- Borj-e Abbasabad Location within Iran
- Coordinates: 28°01′36″N 58°31′29″E﻿ / ﻿28.02667°N 58.52472°E
- Country: Iran
- Province: Kerman
- County: Jazmurian
- District: Chah-e Hasan
- Rural District: Kuhestan

Population (2016)
- • Total: 350
- Time zone: UTC+3:30 (IRST)

= Borj-e Abbasabad =

Village in Kerman province, Iran

Borj-e Abbasabad (برج عباس اباد) (Note: Also romanized as Borj-e ‘Abbāsābād; also known as ‘Abbāsābād and ‘Abbāsābād-e Borjak) is a village in, and the capital of, Kuhestan Rural District of Chah-e Hasan District, Jazmurian County, Kerman province, Iran.

==Demographics==
===Population===
At the time of the 2006 National Census, the village's population was 113 in 24 households, when it was in Jazmurian District (Note: Renamed the Central District of Jazmurian County) of Rudbar-e Jonubi County.
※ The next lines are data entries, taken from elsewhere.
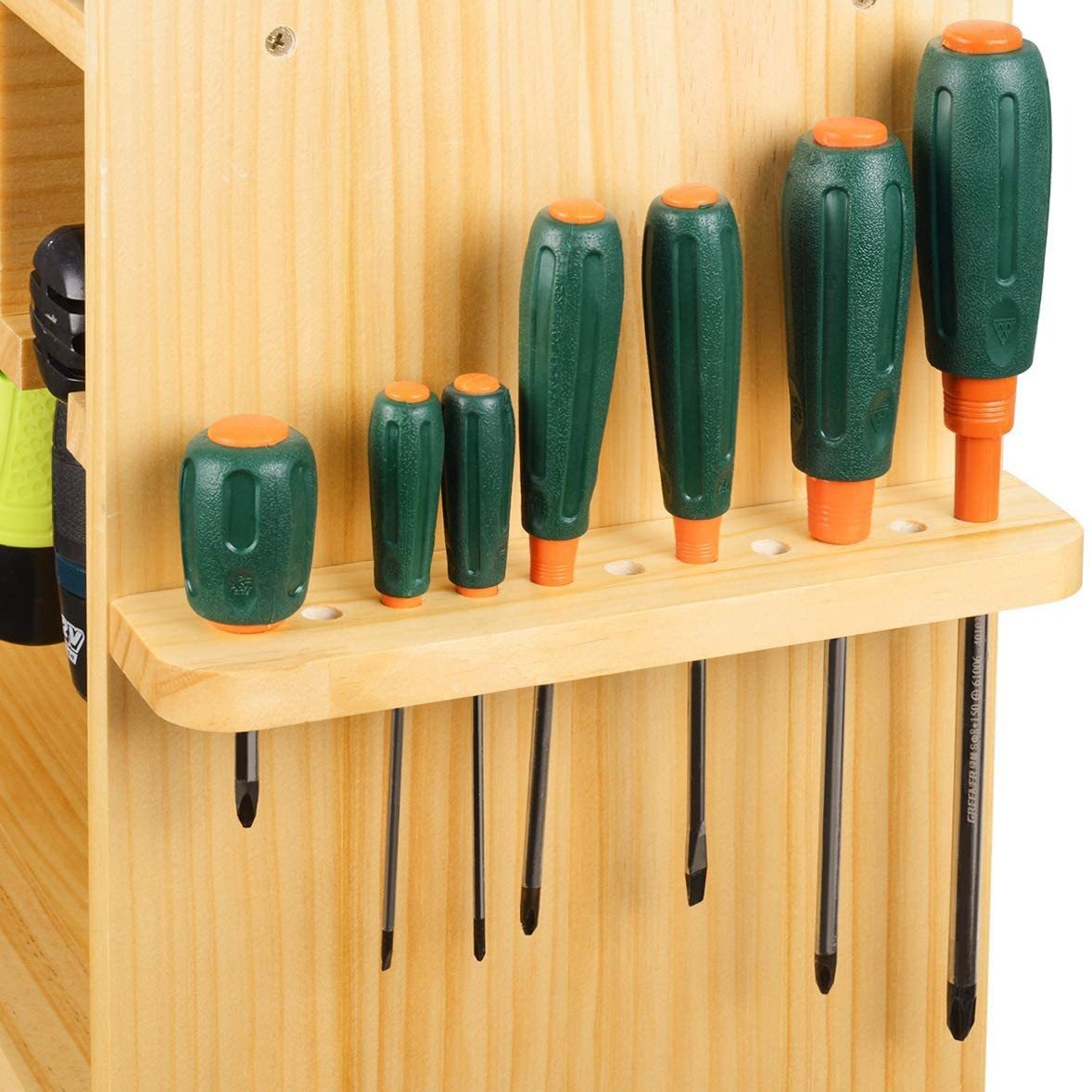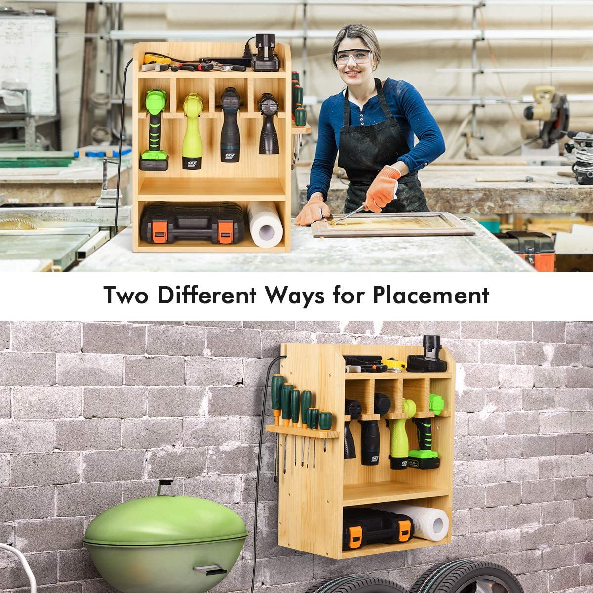 Wall-Mounted Wooden Power Tool Storage Rack Drill Charging Station Cordless Organizer Screwdriver Storage Bin for Home Workshop
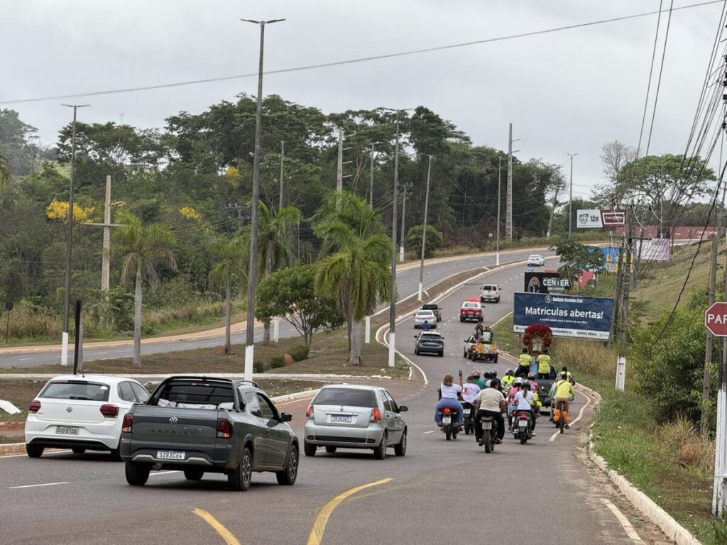 A programação teve início com a celebração da Santa Missa, preparando espiritualmente os fiéis para o percurso que se seguiria. Logo após, por volta das 9h30, a Imagem Peregrina de Nossa Senhora de Nazaré partiu da Paróquia Santa Rita de Cássia, na Vila Permanente, iniciando o trajeto pela rodovia BR-422 e pelas principais avenidas da cidade.
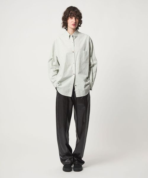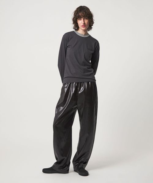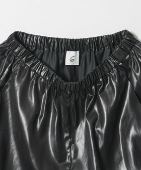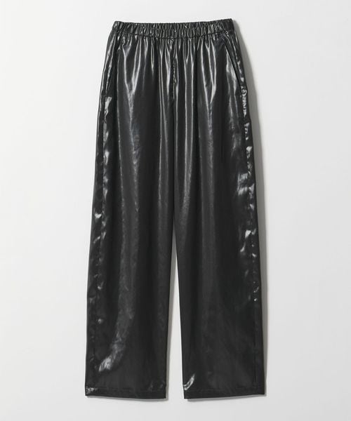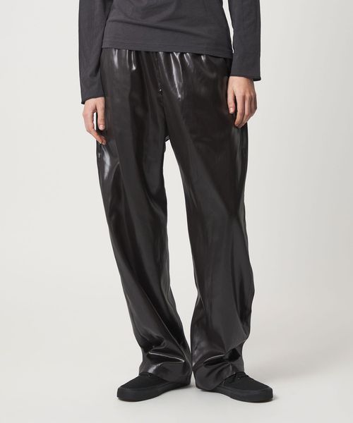 ビニールのような質感とレザーライクな艶感のある独特な生地を使用したイージーパンツ。
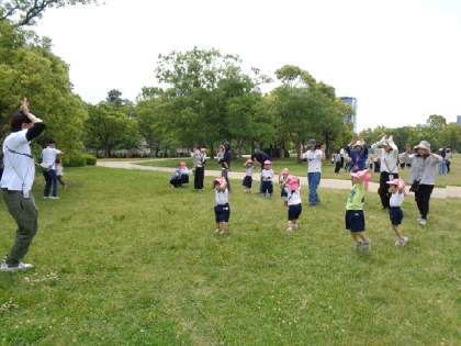 さくら組(3歳児)は、先生のまねっこをしていろいろな動物になってとんだりはねたりと、体をたくさん動かして遊びました。
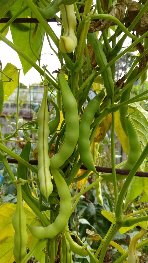 The bush beans have nearly all finished and the climbing Blue Shackamaxon is done. The Henry’s Climbing Butter is drying off now while the Yard Long Red Noodle is only just becoming useful. It was the most insect-attacked variety, even with transplanting the seedlings from cell trays. The other climber, Selugia has been slower to produce and ripen its beans but there are heaps of them and we are harvesting the dried pods now. I sowed some more of the faster varieties (bush beans and Blue Shackamaxon) into cell trays to try and get another round of beans before it gets too cold. Some are ready to transplant now. I have also sowed some broccoli, cauliflower and cabbages. I think my nose and stomach can handle them again now. And kale and lettuces for some good greens.
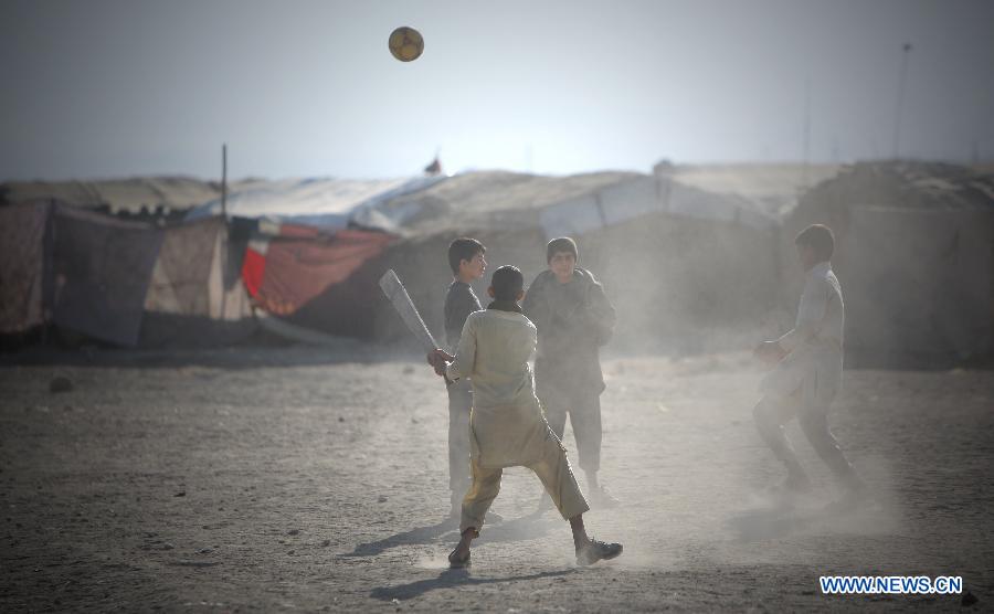 Afghan children play soccer on the dusty ground outside their homes at a slum area in Kabul, Afghanistan on Jan. 3, 2015. (Xinhua/Ahmad Massoud)
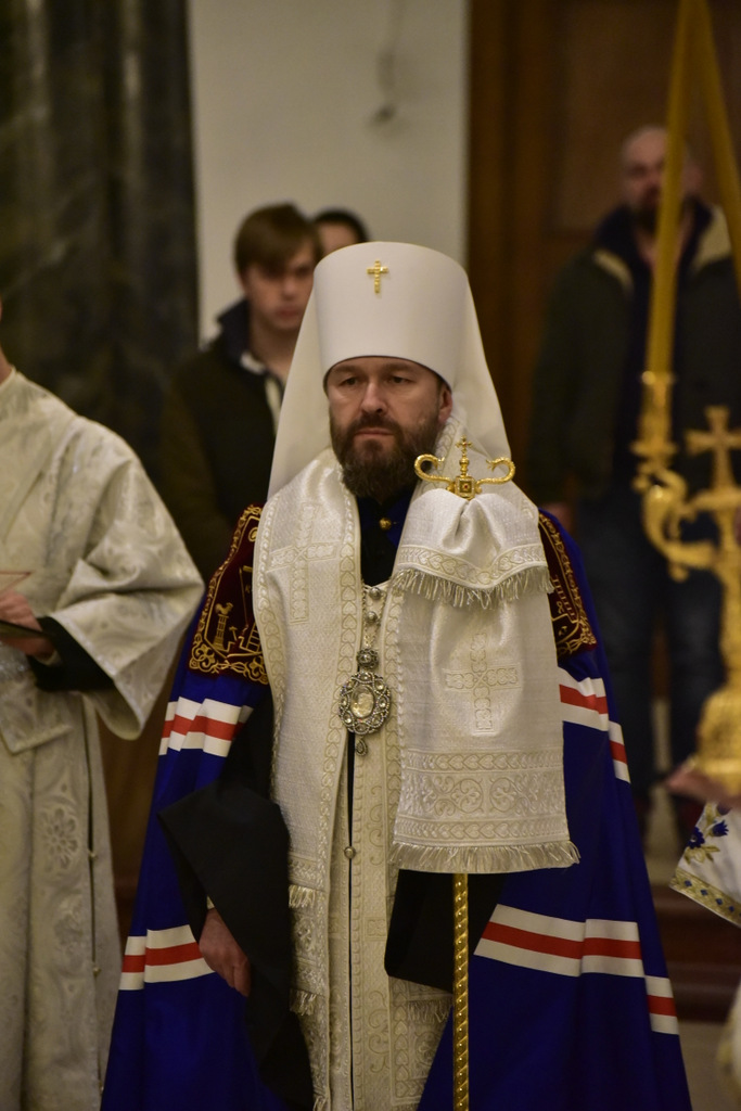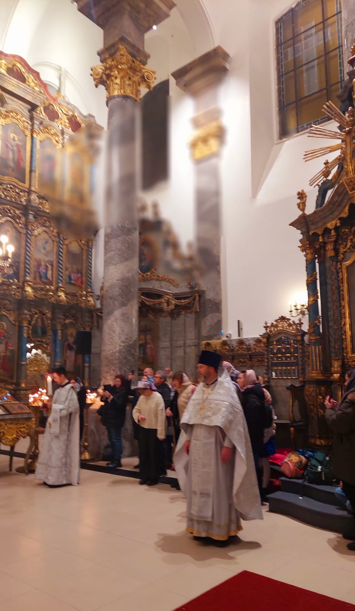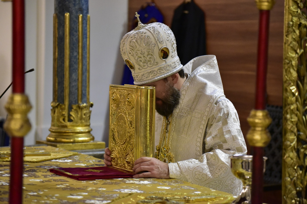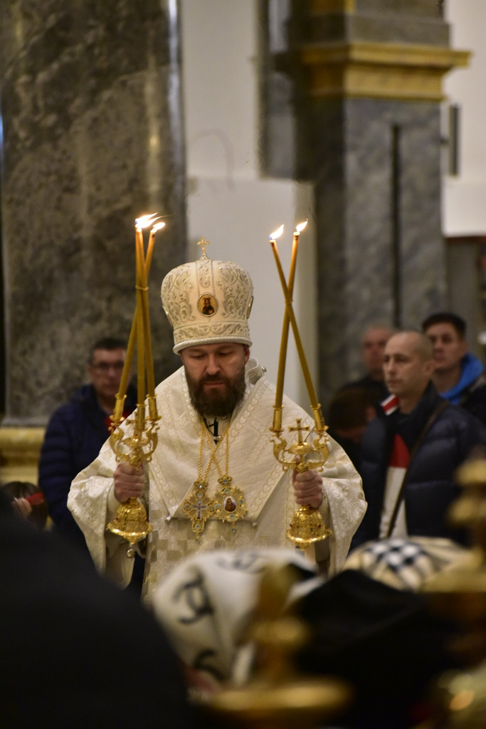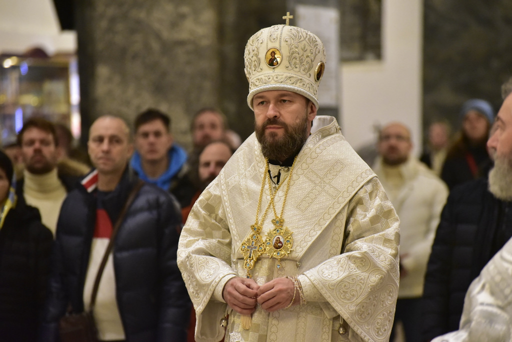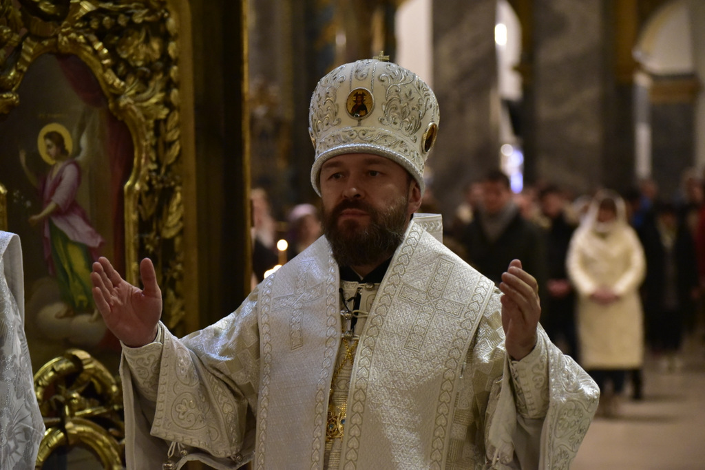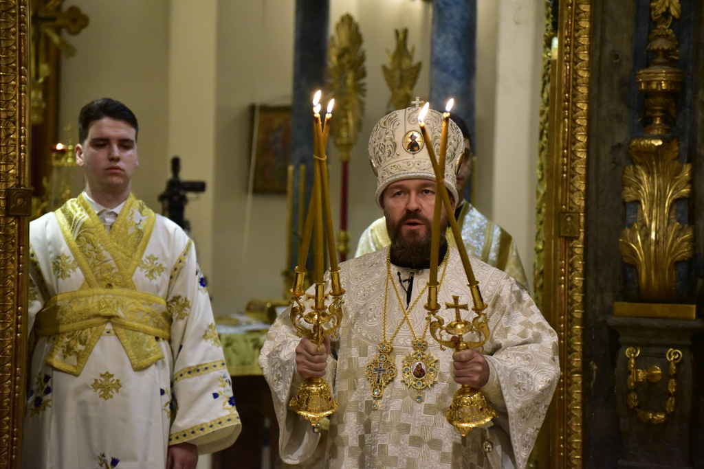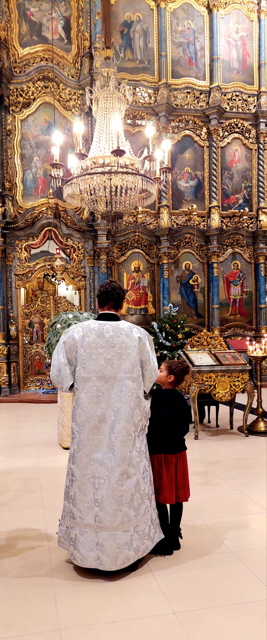 В евангельском отрывке начальных глав апостола Матфея был представлен рассказ о Рождении Спасителя мира, Господа Иисуса Христа и о тех обстоятельствах, которые сопутствовали этому великому событию. В продолжение праздничной литургии, после сугубой ектеньи, митрополит Иларион вознес молитву о мире на Украине.

The following census in 2011 counted 192 people in 48 households. The 2016 census measured the population of the village as 350 people in 105 households.

In 2023, the district was separated from the county in the establishment of Jazmurian County and renamed the Central District. The rural district was transferred to the new Chah-e Hasan District.